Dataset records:

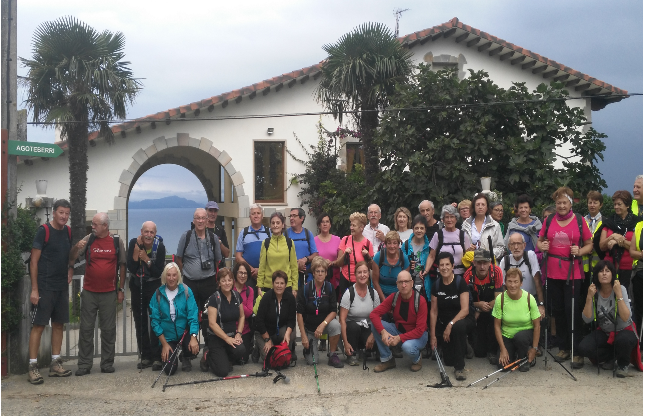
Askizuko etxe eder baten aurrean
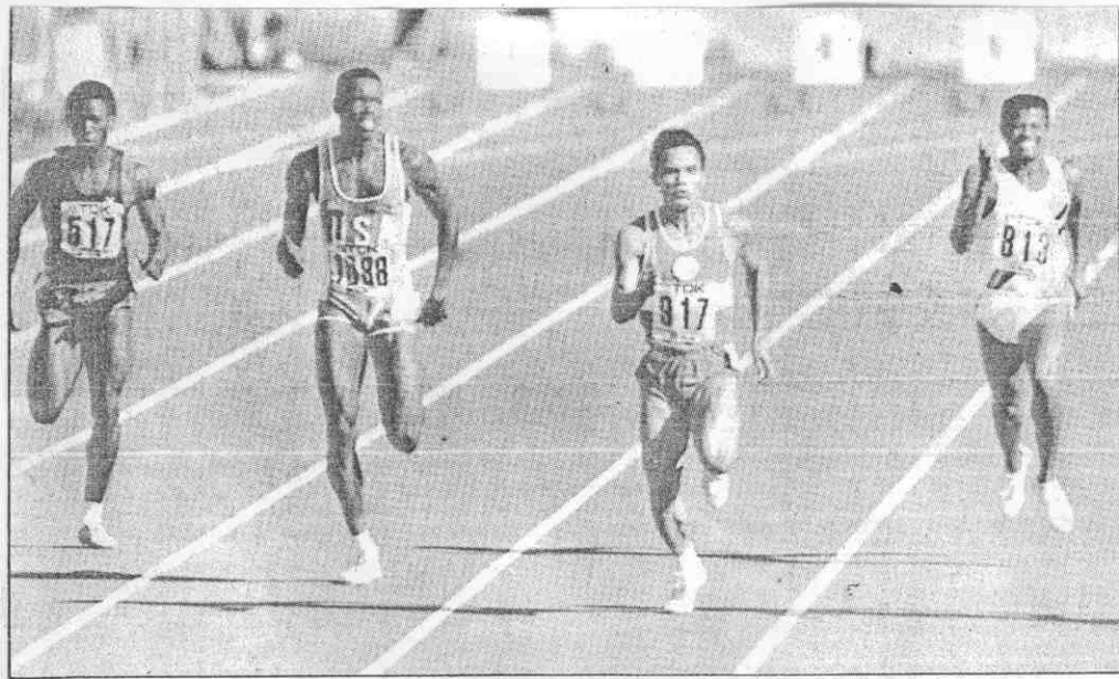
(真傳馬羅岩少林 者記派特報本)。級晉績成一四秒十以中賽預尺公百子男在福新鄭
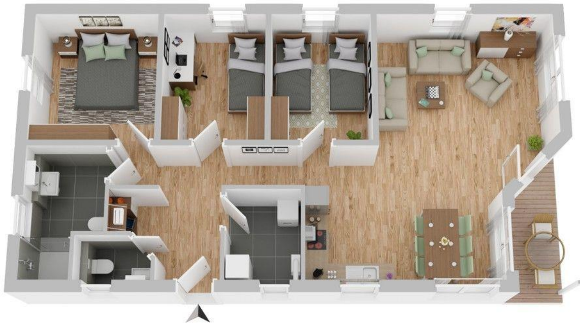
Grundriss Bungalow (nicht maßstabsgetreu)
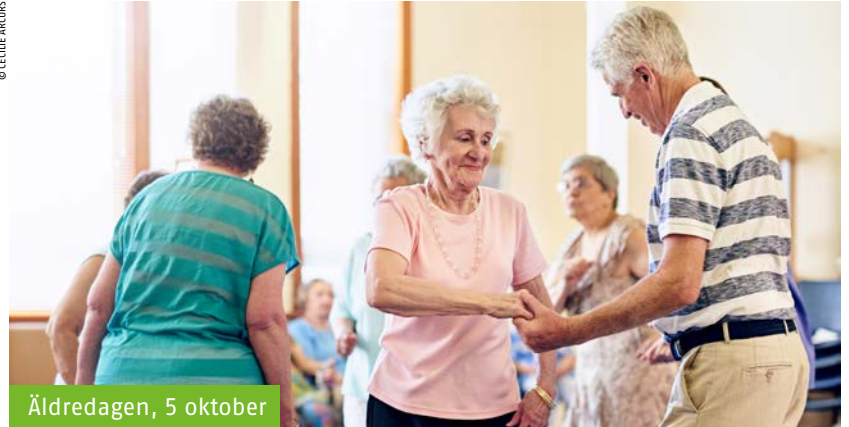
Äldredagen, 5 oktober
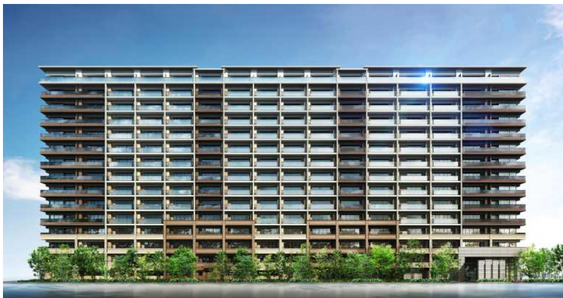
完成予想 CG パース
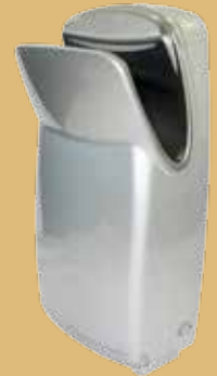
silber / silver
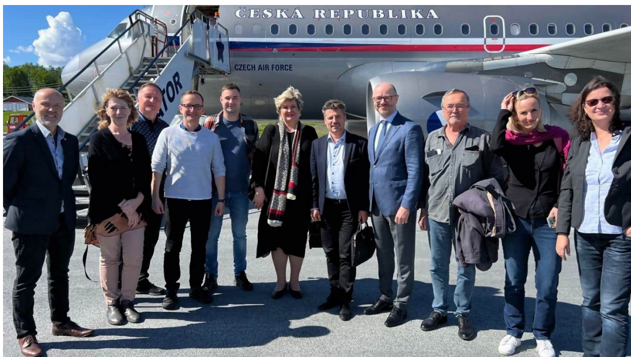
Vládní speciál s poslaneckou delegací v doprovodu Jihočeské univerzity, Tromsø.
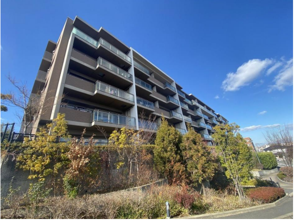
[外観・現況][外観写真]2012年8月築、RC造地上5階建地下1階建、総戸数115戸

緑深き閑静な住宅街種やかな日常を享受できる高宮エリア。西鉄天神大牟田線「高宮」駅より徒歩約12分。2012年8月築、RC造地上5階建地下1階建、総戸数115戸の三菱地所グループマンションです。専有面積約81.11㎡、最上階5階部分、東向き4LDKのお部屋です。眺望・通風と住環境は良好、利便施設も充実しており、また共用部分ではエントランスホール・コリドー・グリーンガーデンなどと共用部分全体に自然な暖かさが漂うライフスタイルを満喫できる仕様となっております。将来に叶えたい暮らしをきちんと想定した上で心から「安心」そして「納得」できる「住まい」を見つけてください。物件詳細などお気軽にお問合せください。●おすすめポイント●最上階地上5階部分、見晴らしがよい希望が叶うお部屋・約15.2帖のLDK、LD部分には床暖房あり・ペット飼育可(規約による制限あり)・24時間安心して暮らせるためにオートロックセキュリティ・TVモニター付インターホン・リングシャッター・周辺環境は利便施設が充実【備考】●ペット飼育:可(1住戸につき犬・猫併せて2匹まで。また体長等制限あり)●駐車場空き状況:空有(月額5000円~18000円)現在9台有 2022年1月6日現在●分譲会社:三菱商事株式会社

- _Exercise aim_
If a line comes after the line with "[外観・現況][外観写真]2", it stays out; print exactly every line from the start of the entries up to and including that line, but no pictures.

- _Response for this exercise_
Askizuko etxe eder baten aurrean
(真傳馬羅岩少林 者記派特報本)。級晉績成一四秒十以中賽預尺公百子男在福新鄭
Grundriss Bungalow (nicht maßstabsgetreu)
Äldredagen, 5 oktober
完成予想 CG パース
silber / silver
Vládní speciál s poslaneckou delegací v doprovodu Jihočeské univerzity, Tromsø.
[外観・現況][外観写真]2012年8月築、RC造地上5階建地下1階建、総戸数115戸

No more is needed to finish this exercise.